• _ASSIGNMENT_: Reproduce the records below exactly, but only between the lines holding "new year's eve, dining" and "Unser Dirigent, Andreas", inclusive.

• _RECORDS PROVIDED_:
—————
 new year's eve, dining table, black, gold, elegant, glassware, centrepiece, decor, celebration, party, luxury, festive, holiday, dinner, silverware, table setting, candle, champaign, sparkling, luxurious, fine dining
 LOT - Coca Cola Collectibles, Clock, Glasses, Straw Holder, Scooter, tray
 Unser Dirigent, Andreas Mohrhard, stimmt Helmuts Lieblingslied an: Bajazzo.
—————
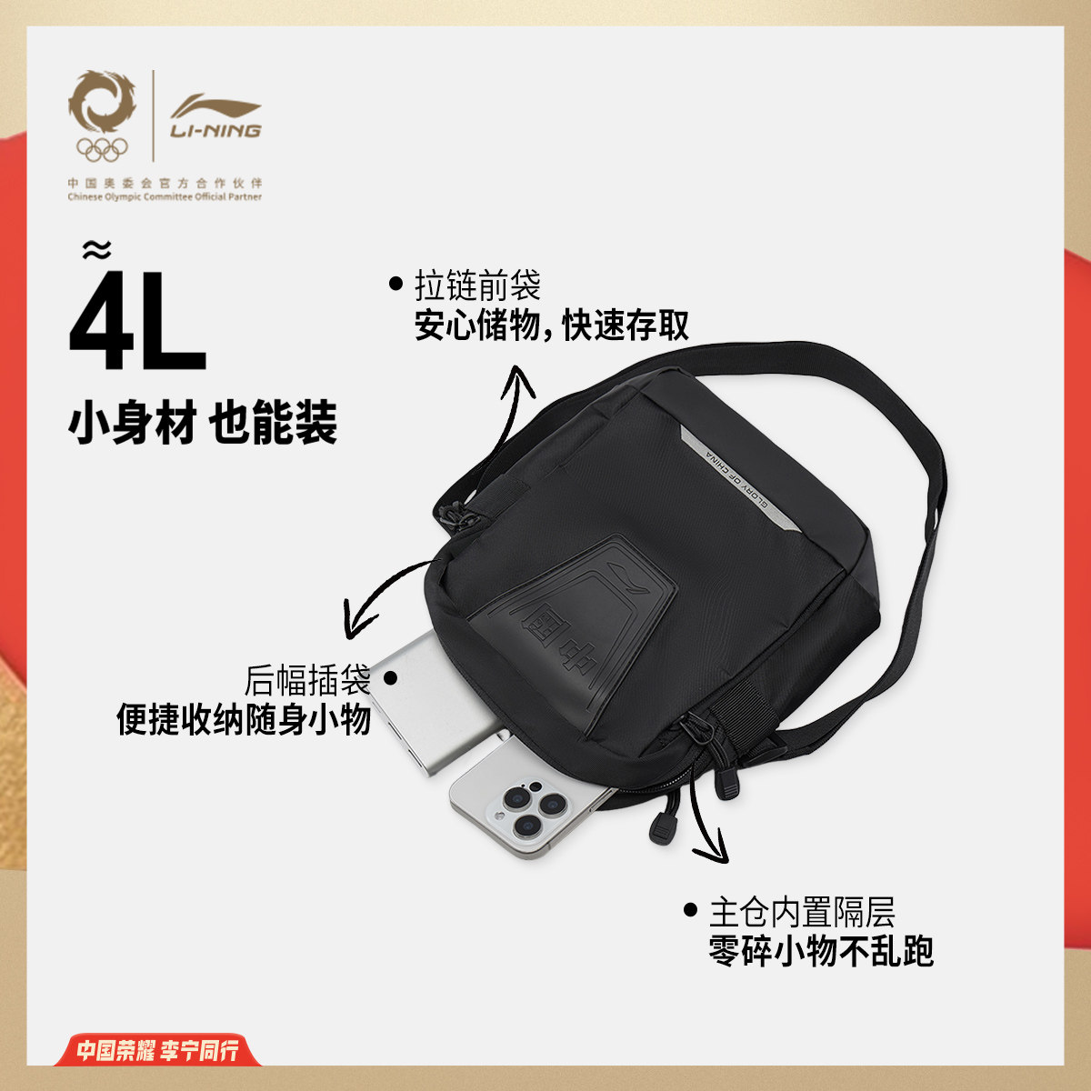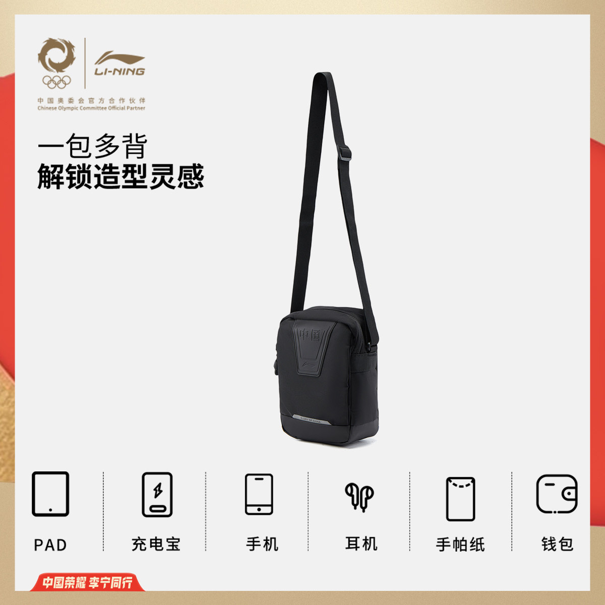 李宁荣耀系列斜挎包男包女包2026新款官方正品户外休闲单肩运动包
—————
• _WRITTEN SOLUTION_:
 new year's eve, dining table, black, gold, elegant, glassware, centrepiece, decor, celebration, party, luxury, festive, holiday, dinner, silverware, table setting, candle, champaign, sparkling, luxurious, fine dining
 LOT - Coca Cola Collectibles, Clock, Glasses, Straw Holder, Scooter, tray
 Unser Dirigent, Andreas Mohrhard, stimmt Helmuts Lieblingslied an: Bajazzo.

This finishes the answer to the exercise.